> Work instruction
Make an exact copy of the listing below. Pictures stay out of it.

***** Information provided *****

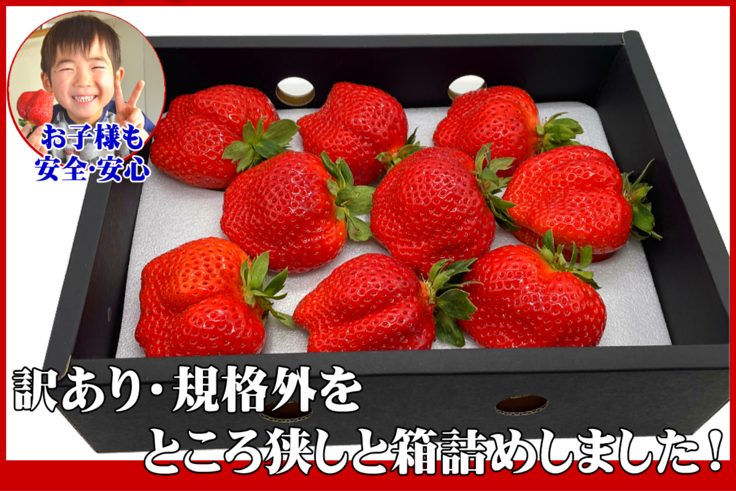 少し形が悪いだけの規格外!味はそのまま、たっぷり満足のあまおうを食べていただきたい♪
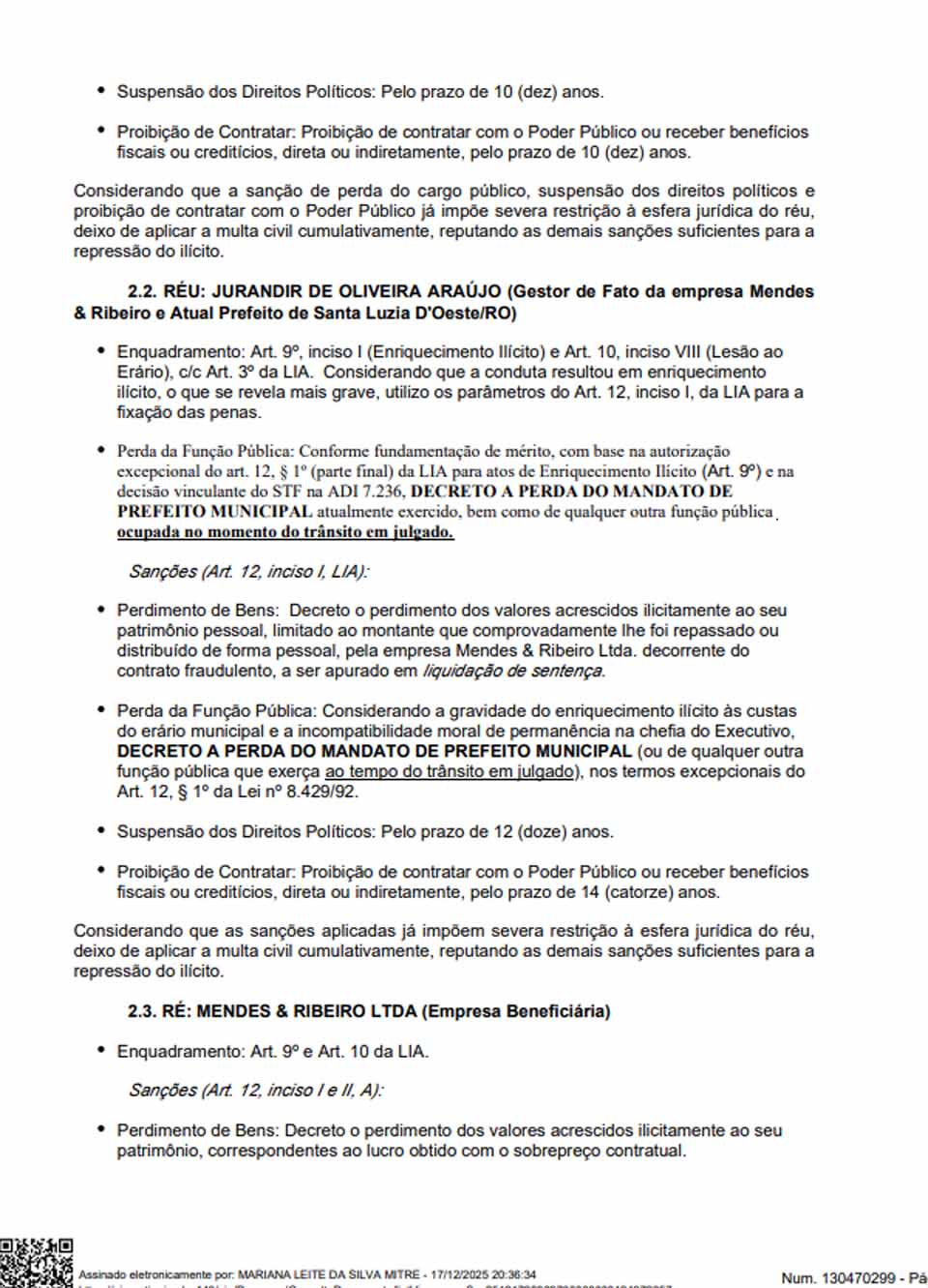 Ao final, a sentença consignou que a execução das sanções de perda de função pública e suspensão dos direitos políticos somente ocorrerá após o trânsito em julgado. Após essa fase, deverão ser comunicadas a Justiça Eleitoral e a Câmara Municipal de Santa Luzia do Oeste para as providências legais, incluindo a declaração de vacância do cargo de prefeito, bem como a inclusão dos condenados nos cadastros CEIS e CNIA.
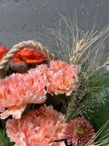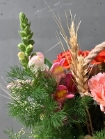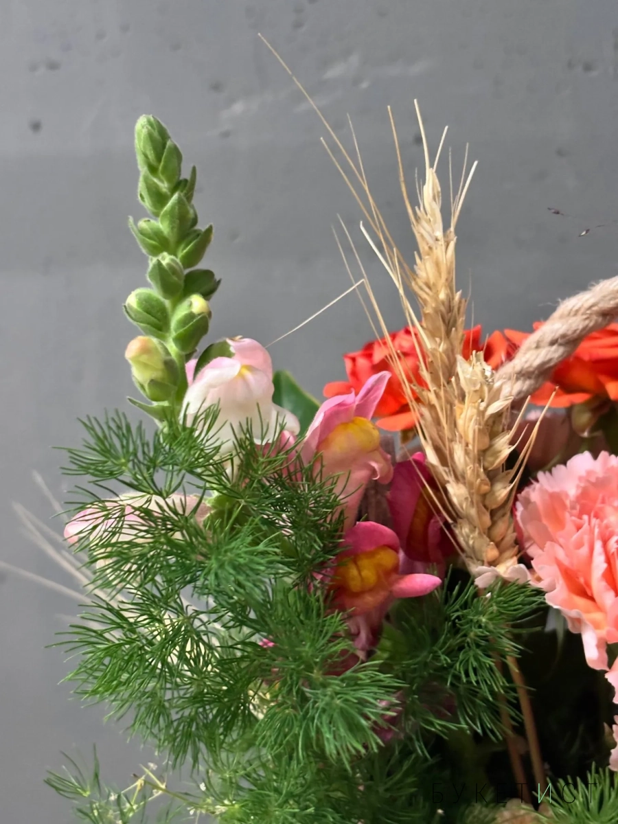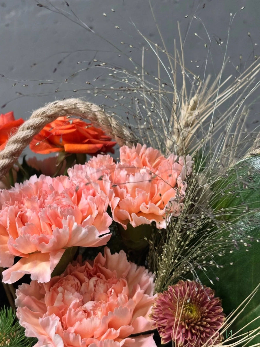 Состав букета: гвоздики, хризантема, леувенбек, аспарагус, кустовые розы, паникум, листья магнолии, пценица.

*****

> Response
 少し形が悪いだけの規格外!味はそのまま、たっぷり満足のあまおうを食べていただきたい♪
 Ao final, a sentença consignou que a execução das sanções de perda de função pública e suspensão dos direitos políticos somente ocorrerá após o trânsito em julgado. Após essa fase, deverão ser comunicadas a Justiça Eleitoral e a Câmara Municipal de Santa Luzia do Oeste para as providências legais, incluindo a declaração de vacância do cargo de prefeito, bem como a inclusão dos condenados nos cadastros CEIS e CNIA.
 Состав букета: гвоздики, хризантема, леувенбек, аспарагус, кустовые розы, паникум, листья магнолии, пценица.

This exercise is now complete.